O resultado disso foi que, no início do mandato de Dilma em 2015, enquanto as mensagens do partido do governo atingiam cerca de 20 milhões de pessoas, as mensagens contrárias a ela chegavam a mais de 80 milhões. O estudo atribui essa diferença ao investimento dos partidos de oposição em bots e contas falsas dedicadas a replicar mensagens contrárias ao governo, operando sob leis muito mais lenientes do que aquelas que regiam as comunicações presidenciais.
A pesquisa ressalta os problemas que leis frágeis em torno do uso de ferramentas digitais em campanhas eleitorais podem gerar. Ela também mostra uma estratégia adotada pela campanha do PSDB, de usar bots do WhatsApp para inflamar outras pessoas a se manifestar pelo Facebook e pelo Twitter. Documentos da campanha do partido indicam, segundo o estudo, que a quantidade de dinheiro necessária para mobilizar grandes quantidades de usuários em diversas plataformas sociais é relativamente pequena.
Impeachment
Após a vitória de Dilma Rousseff, os investimentos da campanha do PSDB continuaram a alimentar as páginas “Revoltados ON LINE” e “Vem Pra Rua”, e se estenderam também aos grupos “Movimento Brasil Livre” e “Movimento Endireita Brasil”. A pesquisa sugere que o uso de bots para repercutir mensagens criadas por esses grupos foi “determinante” para levar milhões de pessoas às ruas em protestos a favor da suspensão de seu governo.
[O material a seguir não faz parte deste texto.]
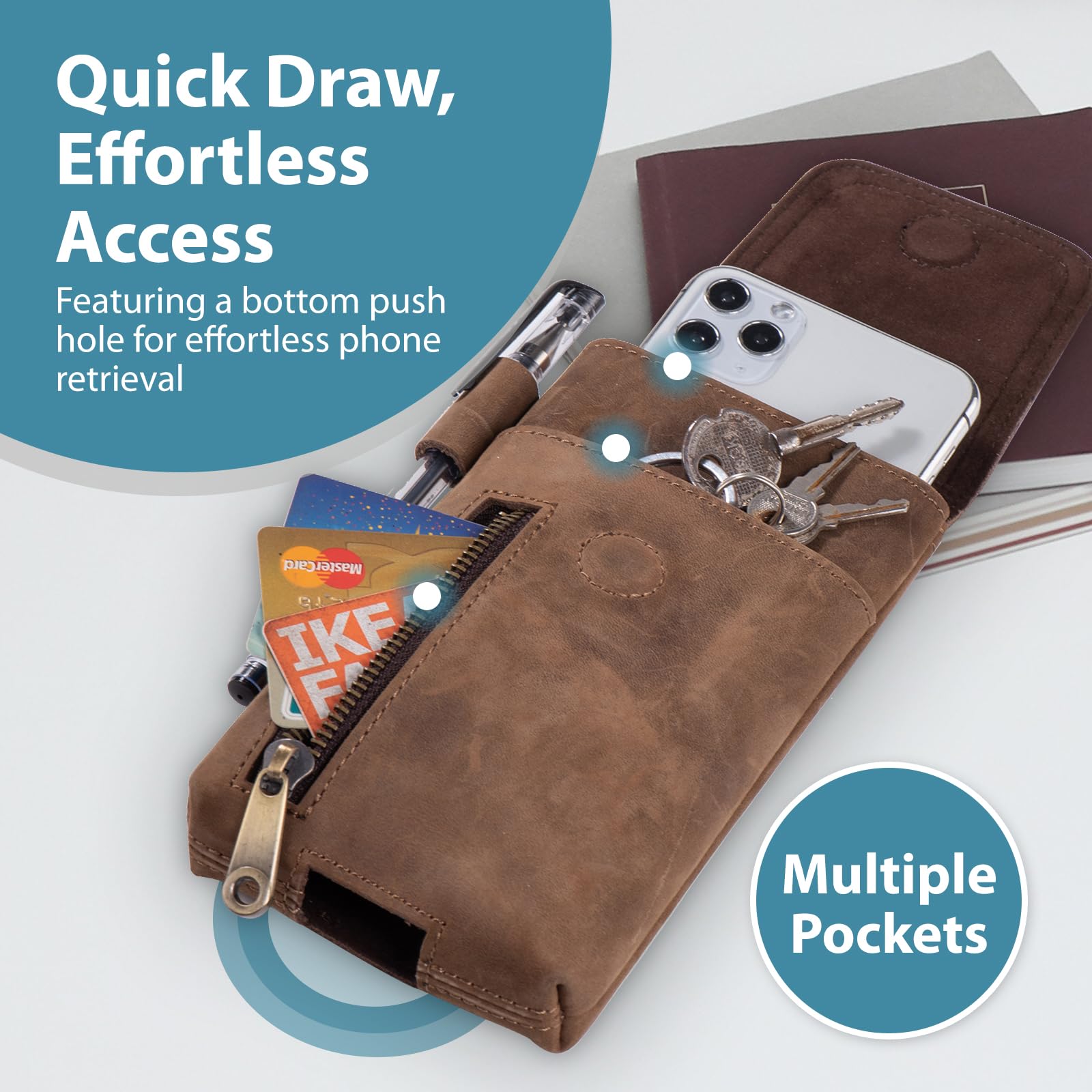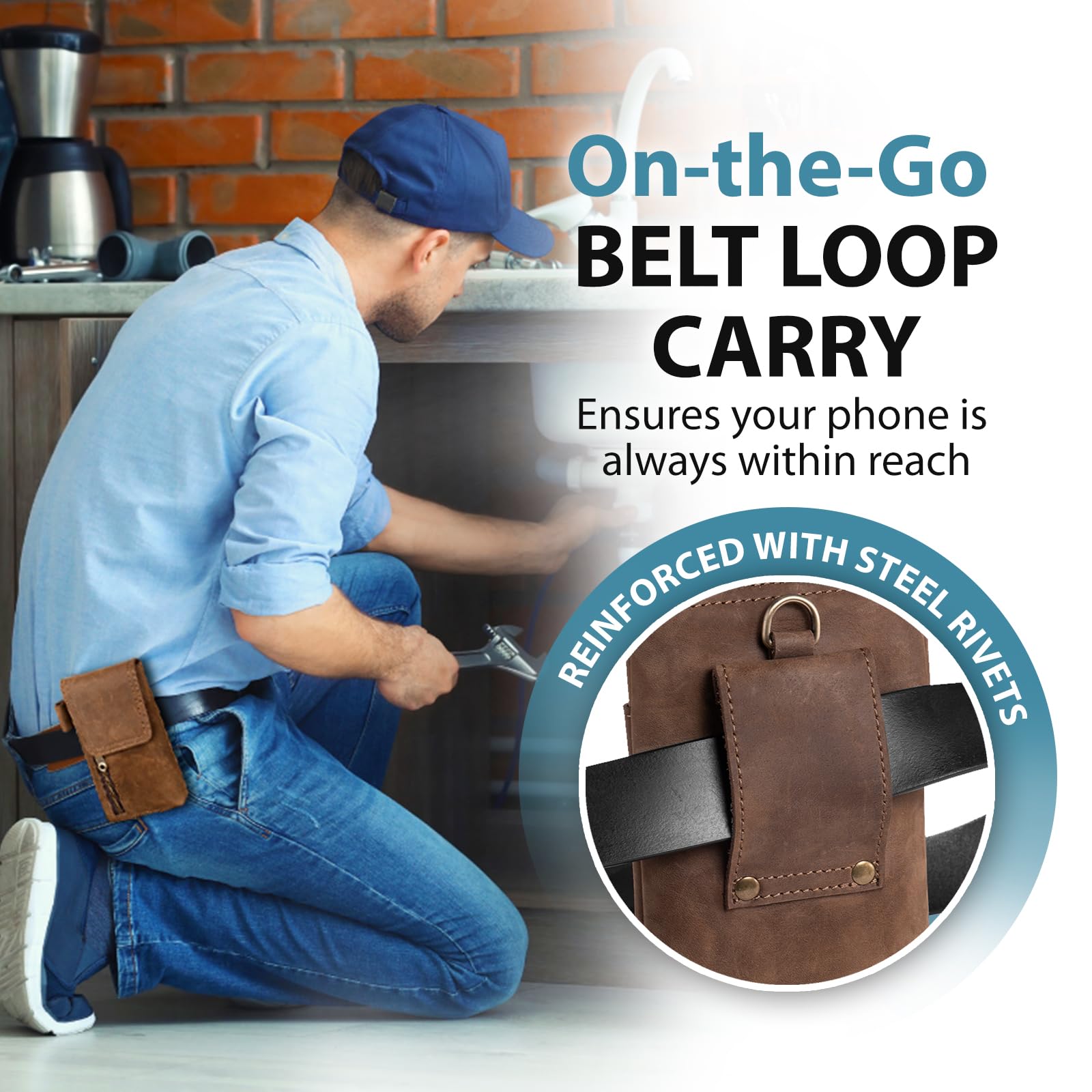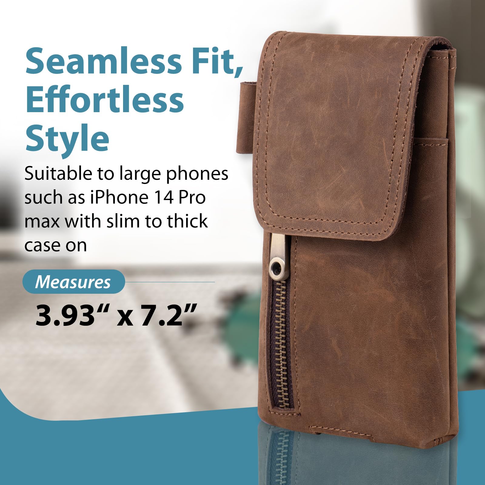 Compact and Spacious Design: Measures approx. 3.93 x 1 x 7.2 inches, The leather phone holster has more than enough room for large size phones (up to 6.6 inches) with case on. Compatible with iPhone 16 Pro Max 16 Plus 15 Pro Max 14 Pro Max 13 Pro Max 12 Pro Max Samsung Galaxy A14 A54 S25 Ultra S25+ S24 Ultra S24+ S23 Ultra S23+ Note 20 Ultra etc
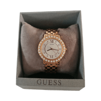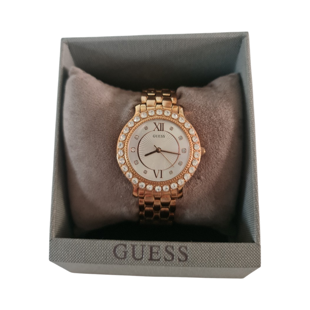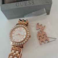 Guessin rannekello. Yleiskunto hyvä, vaatii pariston vaihdon. Jatkopaloja löytyy ja laatikko sisältyy kauppaan.
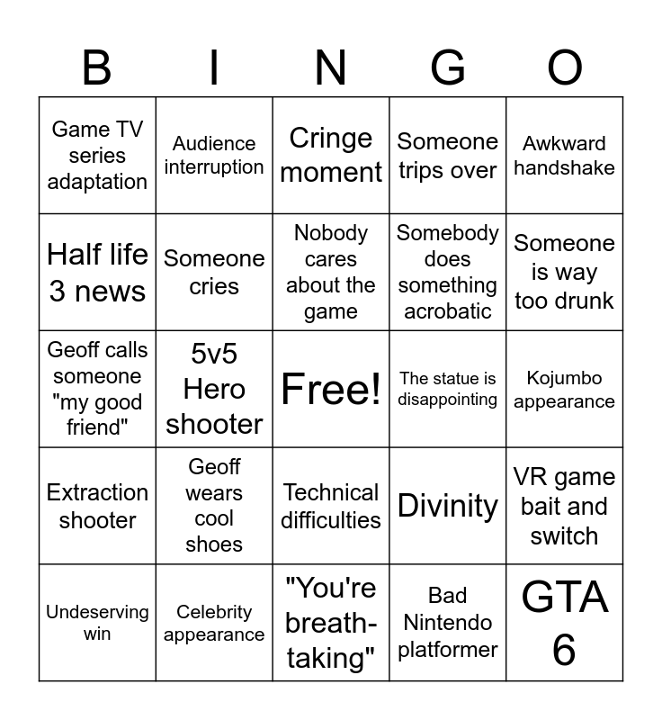 This bingo card has a free space and 24 words: Geoff wears cool shoes, Celebrity appearance, Nobody cares about the game, Undeserving win, Awkward handshake, Game TV series adaptation, Half life 3 news, Audience interruption, The statue is disappointing, Technical difficulties, Somebody does something acrobatic, Geoff calls someone "my good friend", Divinity, VR game bait and switch, Someone cries, Bad Nintendo platformer, Kojumbo appearance, Cringe moment, Someone is way too drunk, 5v5 Hero shooter, GTA 6, Extraction shooter, Someone trips over and "You're breath-taking".
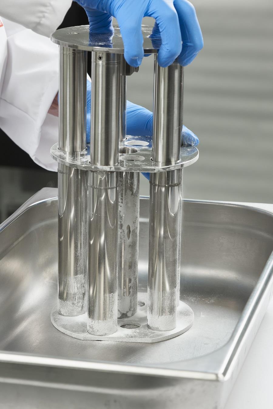 Bei der manuellen Reinigung nimmt der Bediener den Rotor aus dem Gehäuse und zieht die Magnetstäbe aus dem Extraktor, woraufhin sich die Metallpartikel lösen und sicher entsorgt werden können. Wir haben auch ein spezielles Reinigungssystem entwickelt, mit dem Sie den Extraktor leicht und hygienisch reinigen können.
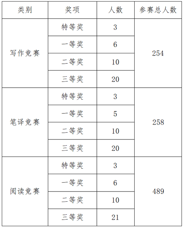 经大赛组委会评阅,写作竞赛从参赛的254选手中评选出特等奖3名,一等奖6名,二等奖10名,三等奖20名;笔译竞赛从258选手中评选出特定奖3名,一等奖5名,二等奖10名,三等奖20名;阅读竞赛从参赛的489名选手中评选出特定奖3名,一等奖6名,二等奖10名,三等奖21名。每项赛事的特等奖获得者将代表我校参加10月底和11月初举行的天津市赛区竞赛。
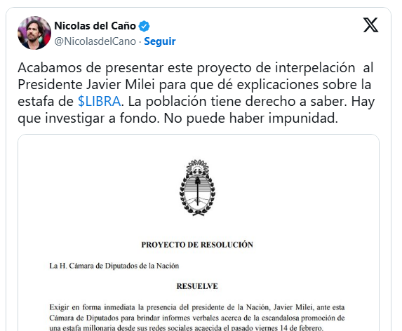 Post by Del Caño on his project of "interpellation of Milei"
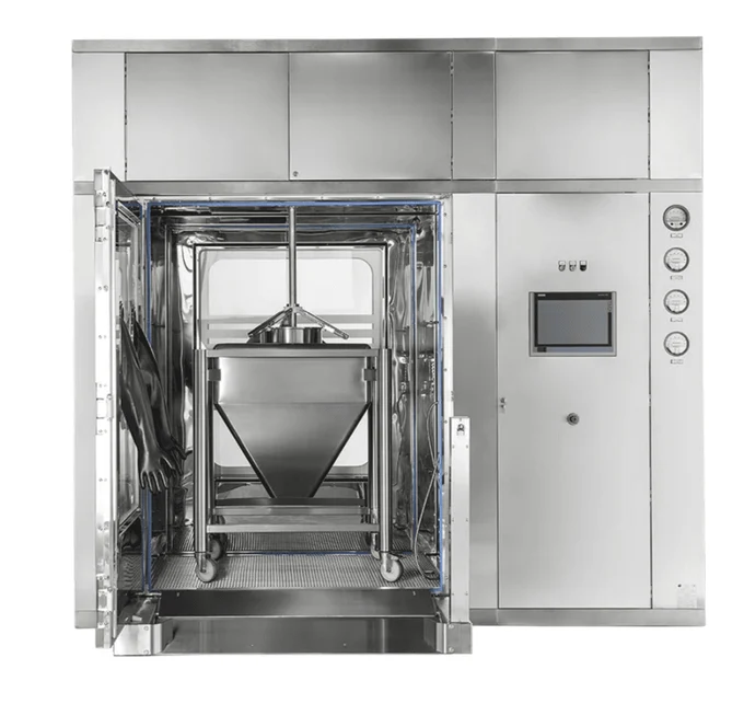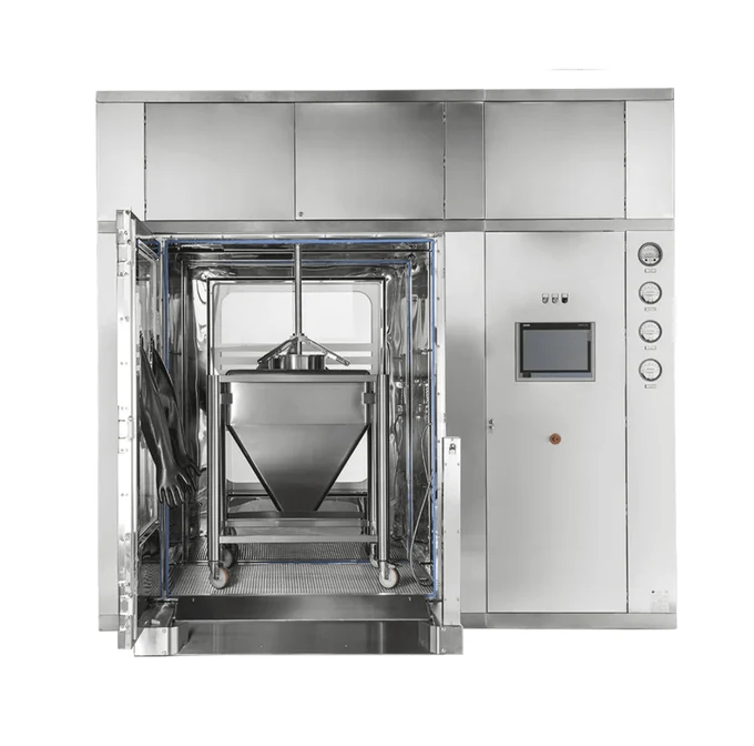 Оборудование для мойки и дезинфекции, соответствующее стандартам cGMP, с системой изоляции Машины UCW ONCO специально разработаны для химической и/или термической дезинфекции и сушки поверхностей, загрязненных противораковыми препаратами или высокоэффективными активными фармацевтическими ингредиентами (АФИ). Эти установки оснащены системой изоляции.
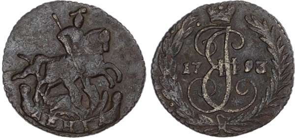 Russia, Empire. Catherine II CU Denga (1/2 Kopeck). Anninskoye mint, 1793.
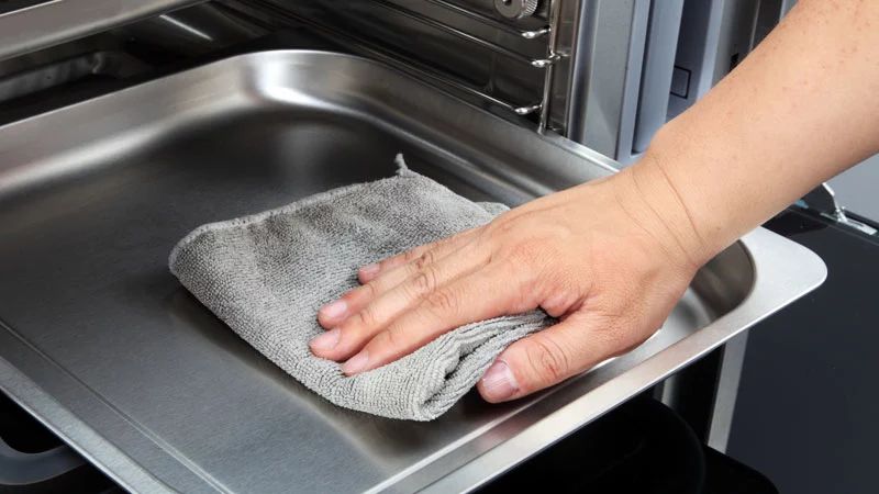 (3)清洗炉门:用温热的湿布擦拭门、门窗的两边、密封圈及邻近的零部件;
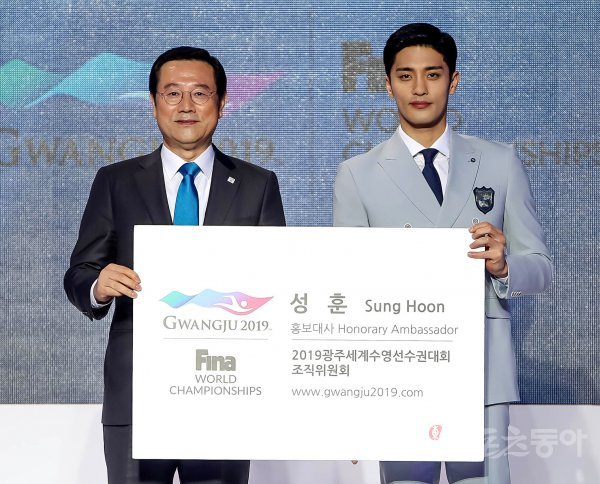 이용섭 광주광역시장과 홍보대사에 위촉된 배우 성훈(오른쪽)이 포즈를 취하고 있다.
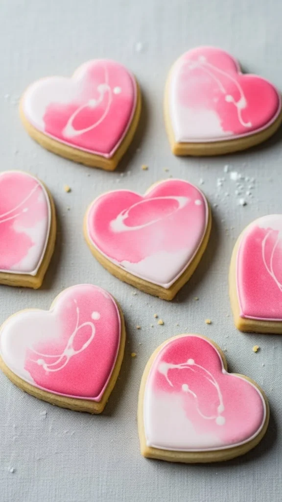 Watercolor icing is a trending Valentines Day sweet because it creates a soft, artistic finish that looks handcrafted rather than factory made. These cookies feel delicate, modern, and romantic, while still being simple enough for home baking.
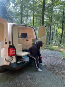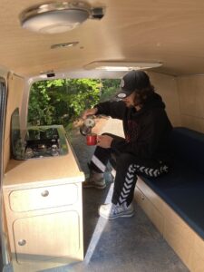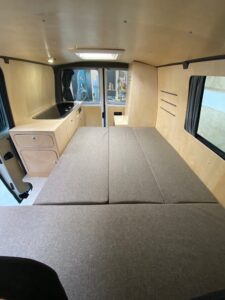 Coût de l’aménagement du van de Fabrice par LD Camp : 16 500€ incluant notamment l’homologation VASP, l’isolation, l’installation gaz et électricité avec la batterie auxiliaire, la petite cuisine avec évier et réchaud, le tiroir réfrigérant, la réserve d’eau propre et la réserve d’eaux usées sous le châssis, la douchette extérieure, la banquette en L convertible en couchage et les aérations haute et basse.

Durante os meses de março e abril de 2016, os pesquisadores identificaram um uso intenso de bots no Facebook e no Twitter, tanto a favor do governo de Dilma Rousseff quanto contra.
Um estudo realizado pela USP em protestos contra e a favor do governo mostrou que os dois lados foram pesadamente influenciados por notícias falsas. Entre os apoiadores do impeachment, por exemplo, 64% disseram acreditar que o PT queria implementar um regime comunista; entre os governistas, por outro lado, 57% acreditavam que os EUA estavam investindo nos protestos contra Rousseff para se apropriar do petróleo brasileiro.
Os dois fatos, segundo o estudo, eram “demonstravelmente falsos”, mas ajudaram a mobilizar os manifestantes. “Não há dúvida de que as redes sociais tiveram um papel crucial em criar essa narrativa e organizar os protestos. Os bots tiveram um papel na paisagem online desde o começo, e nunca pararam sua oposição eletrônica à sua administração, possivelmente um fator determinante na agilidade de sua suspensão”, diz o estudo.
Conclusões
O levantamento conclui que a legislação brasileira é insuficiente para lidar com os casos de propaganda política computacional. “Embora a lei proíba qualquer propaganda eleitoral a três meses da eleição, isso é extremamente difícil de se controlar [na era digital]”, diz o documento.
Além disso, ele sugere também que o uso massivo de bots para fins políticos tem continuado ao longo das investigações da Operação Lava-Jato, da Polícia Federal. E ressalta que “propaganda política computacional terá um papel ainda maior nas eleições nacionais de 2018”.
Outro dado interessante levantado pelo documento é o de que a agência de consultoria política responsável pelas campanhas bem-sucedidas a favor de Donald Trump e da saída do Reino Unido da União Europeia está investindo no Brasil, tendo aberto um escritório em São Paulo.